Comment faire pour éviter que l’ubérisation déchire le tissu social? | Alexandr Trubetskoy via Flickr CC License by

Comment faire pour éviter que l’ubérisation déchire le tissu social? | Alexandr Trubetskoy via Flickr CC License by

Les plateformes collaboratives sont des outils de la révolution numérique mis au service de l’économie du partage. Mais un modèle économique dépend de l’utilisation de l’outil.

Les chauffeurs Uber en colère en font l’expérience: le modèle économique développé par l’entreprise californienne n’est pas fondé sur le partage, mais sur la précarisation.

Pour concurrencer les taxis en utilisant la plateforme technologique qui permet aux clients de se mettre en relation avec les chauffeurs de VTC, ceux-ci acceptent qu’Uber prélève une commission de 20% sur le prix de leurs courses… sans avoir la liberté de fixer leurs tarifs et en héritant de toutes les contraintes.

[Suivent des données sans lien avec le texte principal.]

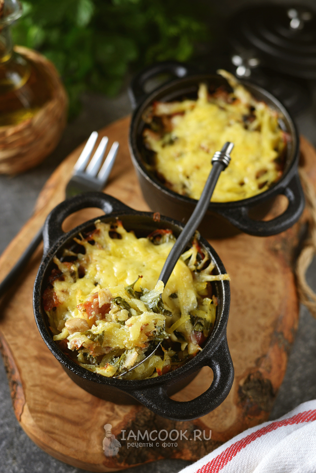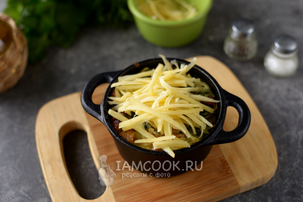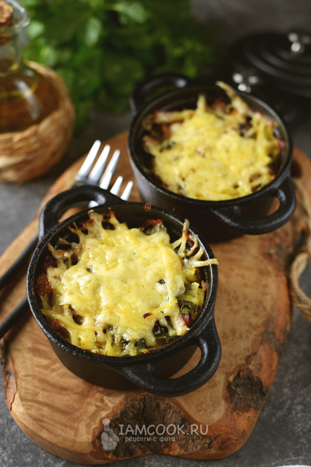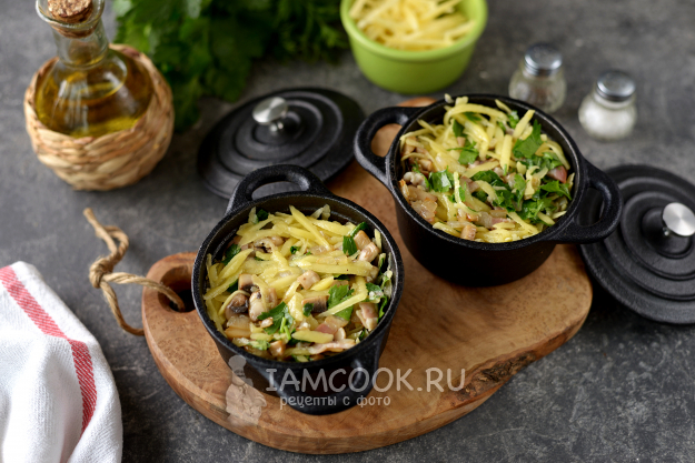 Разложите картофель в смазанные постным маслом порционные горшочки, накройте крышкой, отправьте в предварительно разогретую до 190 градусов духовку на 40-45 минут в режиме верхнего и нижнего нагрева. За это время бабка должна приготовиться, но все же ориентируйтесь на свою духовку.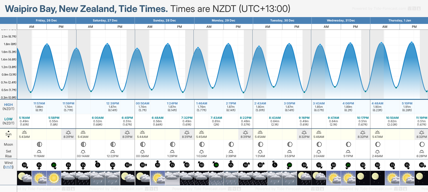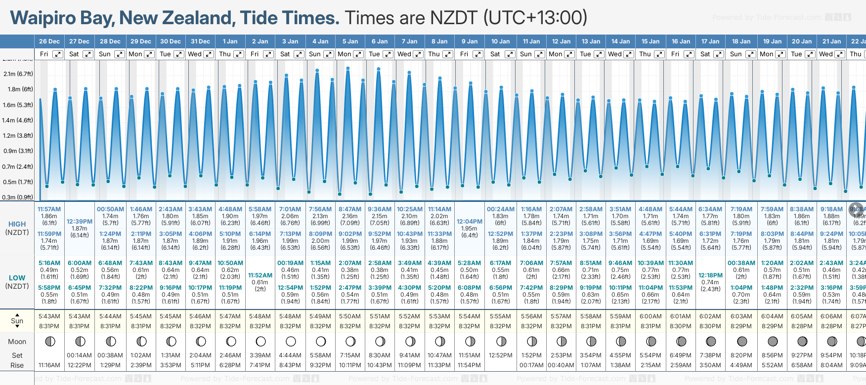 December and January Tide charts for Waipiro Bay: The tide charts below show the height, time and date of high and low tides for the next 30 days.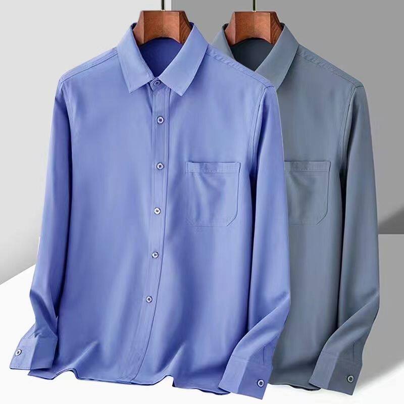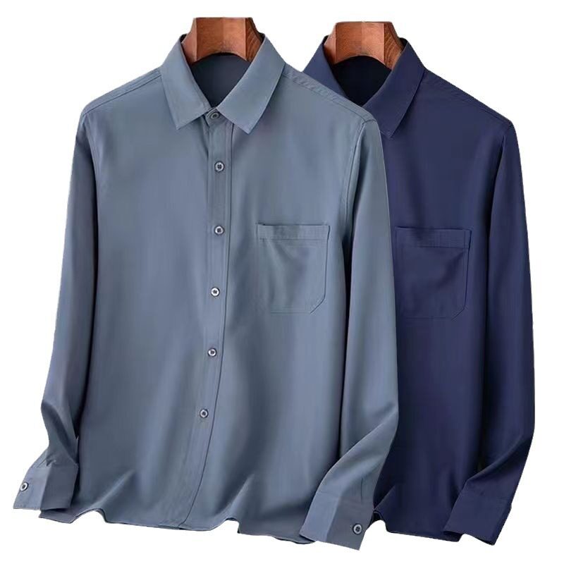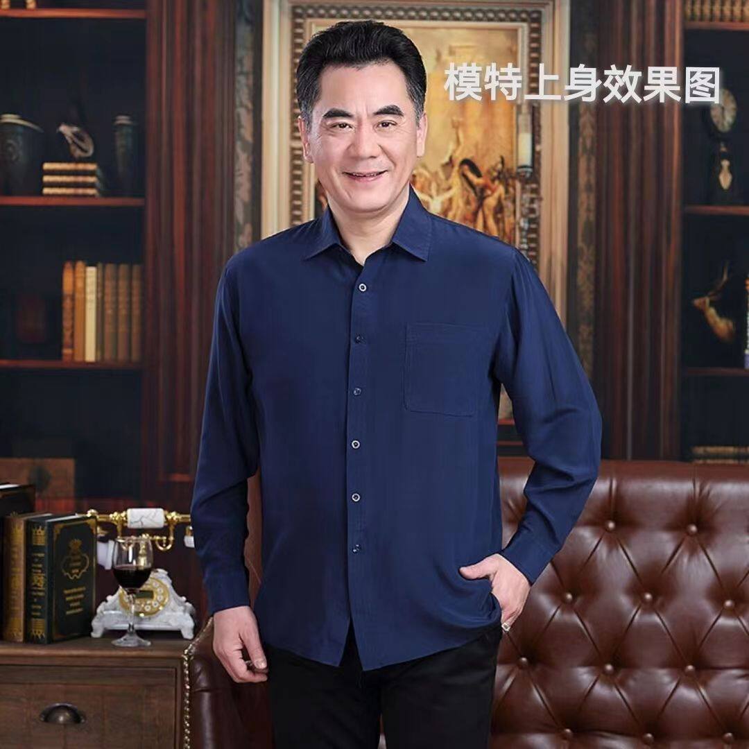 夏装中年男士长袖衬衫冰丝薄款爸爸装纯色宽松爷爷衬衣中老年人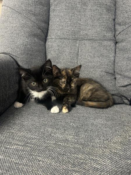Nous vous présentons Arrow sur la gauche de la photo et à droite sa sœur, Vénus. Les prénoms des chatons ont été choisis cette semaine par les résidents.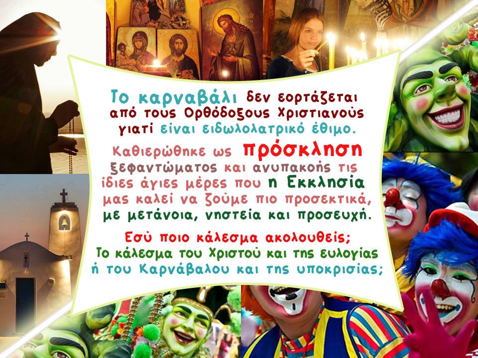 Αγαπητοί μας οδεύουμε πλέον εις την Τρίτη Κυριακή του Τριωδίου και από την Κυριακή των Απόκρεω, μέχρι και την Κυριακή της Τυρινής, σε πολλές πόλεις και χωριά της χώρας μας και της περιοχής μας οι άνθρωποι επιδίδονται και συμμετέχουν σε Καρναβαλικές και Ειδωλολατρικές εκδηλώσεις στις οποίες συμμετέχουν δυστυχώς και Ορθόδοξοι Χριστιανοί. Δεν είναι δε διόλου τυχαίο που οι Άγιοι της Ορθόδοξης Εκκλησίας μας αποκαλούν το Καρναβάλι «Σατανική πομπή». Ο Άγιος Νικόδημος ο Αγιορείτης αναφέρει πως στις Αποκριές «οι Χριστιανοί δαιμονίζονται όλοι, γιατί χορεύουν, παίζουν, τραγουδούν ασυνείδητα, έως και αυτοί οι πλέον γέροντες. Τότε πανηγυρίζει η ασέλγεια, εορτάζει η ακολασία, ευφραίνεται η μέθη, αγάλλεται η τρυφή και η αστεία, χορεύει ο διάβολος με δέκα μαντήλια και συγχορεύει με αυτόν και όλο το πλήθος των Δαιμόνων, γιατί όσα κερδίζουν μόνο την περίοδο των Απόκρεων, δεν μπορούν να το κερδίσουν οι δαίμονες όλο τον χρόνο. Δυστυχώς στην Ορθόδοξη Ελλάδα μας ενώ θα έπρεπε να υπάρχει ο ανάλογος σεβασμός στον Πανάγαθο Θεό μας και να εκλείψουν αυτές οι μορφές ηθικής σήψης, αναβιώνουν με τον χειρότερο τρόπο. Μεγάλο μέρος του λαού μας συμμετέχει στην καλοστημένη παγίδα του Διαβόλου, τον Καρνάβαλο. Ξοδεύονται αμύθητα ποσά ενώ υπάρχουν συνάνθρωποί μας που υποφέρουν από την ανεργία, από την πείνα κ.λ.π.Εμείς οι Ορθόδοξοι Χριστιανοί τώρα διερχόμαστε την περίοδο του Ιερού Τριωδίου, προετοιμαζόμαστε δε για το στάδιο της Αγίας και μεγάλης Τεσσαρακοστής και η Ορθόδοξη Εκκλησία μας κατά την περίοδο αυτή μας προβάλλει τρία βασικά πράγματα. Το πρώτο είναι η Προσευχή. Το δεύτερο η Νηστεία και το τρίτο και σπουδαιότερο η Μετάνοια με την Θεία Εξομολόγηση. Ενώ από τη μία μεριά μας ετοιμάζει η Ορθόδοξη Εκκλησία μας πνευματικώς, δίδοντας όλα εκείνα τα μέσα για να αγωνιστούμε τον αγώνα τον καλό, εμείς συμμαχούμε με τον εχθρό τον διάβολο και ετοιμαζόμαστε για χορούς... και ξεφαντώματα... Σε μία περίοδο μάλιστα λιτότητας και οικονομικής κρίσεως για την χώρα μας που η οικονομική κρίση έχει πλήξει όλες τις κοινωνικές τάξεις, Δήμοι και τοπικά Δημοτικά διαμερίσματα, θα ξοδέψουν και πάλι δυστυχώς κονδύλια ολόκληρα για να οργανώσουν όσο το δυνατόν καλύτερα τον Καρνάβαλο του Διαβόλου. Σε τέτοιους κρίσιμους καιρούς αγαπητοί μας επιτρέπονται τέτοιου είδους σπατάλες και ξεφαντώματα; Νομίζουμε ότι είναι πλέον καιρός να σοβαρευτούμε. Διαφορετικά, θα είμαστε άξιοι της τύχης μας. Για όσα τυχόν δεινά θα επακολουθήσουν θα φταίμε αποκλειστικά εμείς. Για αυτό λοιπόν ας πούμε πλέον ΝΑΙ στην παραγγελία του Θεού και ΟΧΙ στον Καρνάβαλο της Ειδωλολατρίας και της Σατανολατρίας. «Ας πετάξουμε λοιπόν τα έργα του σκότους και ας οπλιστούμε με τα όπλα του φωτός». όπως ακριβώς μας προτρέπει ο Απόστολος Παύλος. Ας είναι η συμπεριφορά μας σεμνή. Κάτω από τις μάσκες είναι η υποκρισία. Είναι δε χαρακτηριστικό και πράγματι έξυπνο αυτό που έγραψε κάποιος σε ένα τοίχο: « ΜΑΣΚΑΡΑΣ ΕΙΜΑΙ ΚΑΘΕ ΗΜΕΡΑ ΔΕΝ ΧΡΕΙΑΖΕΤΑΙ ΝΑ ΤΟ ΕΟΡΤΑΖΩ ΚΙΟΛΑΣ»!!Λησμονήσαμε αγαπητοί μία υπόσχεση, που δώσαμε κατά την ώρα του Ιερού Βαπτίσματος: «Αποτάσσομαι τω Σατανά και πάση τη πομπή αυτού». Πως είναι δυνατόν να συμμετέχουμε σε εκδηλώσεις καρναβαλικές και ειδωλολατρικές, όταν η Ορθόδοξη Εκκλησία μας καταδικάζει αυτές τις αμαρτωλές εκδηλώσεις. Αντί αυτού μας καλεί σε πνευματική περισυλλογή για να προετοιμαστούμε και να δεχθούμε μ

Même si l’entreprise présente abusivement les chauffeurs comme des partenaires, elle développe un modèle dans lequel elle se libère de la prise en charge des coûts d’exploitation des véhicules et de toutes les charges sociales des conducteurs, décidant de la politique commerciale sans en subir les effets. En quelque sorte, l’équivalent d’une entreprise sans usine avec seulement un centre de recherche et un service marketing, utilisant uniquement des sous-traitants captifs: un vieux rêve d’exploitation capitaliste, aux antipodes d’un système collaboratif.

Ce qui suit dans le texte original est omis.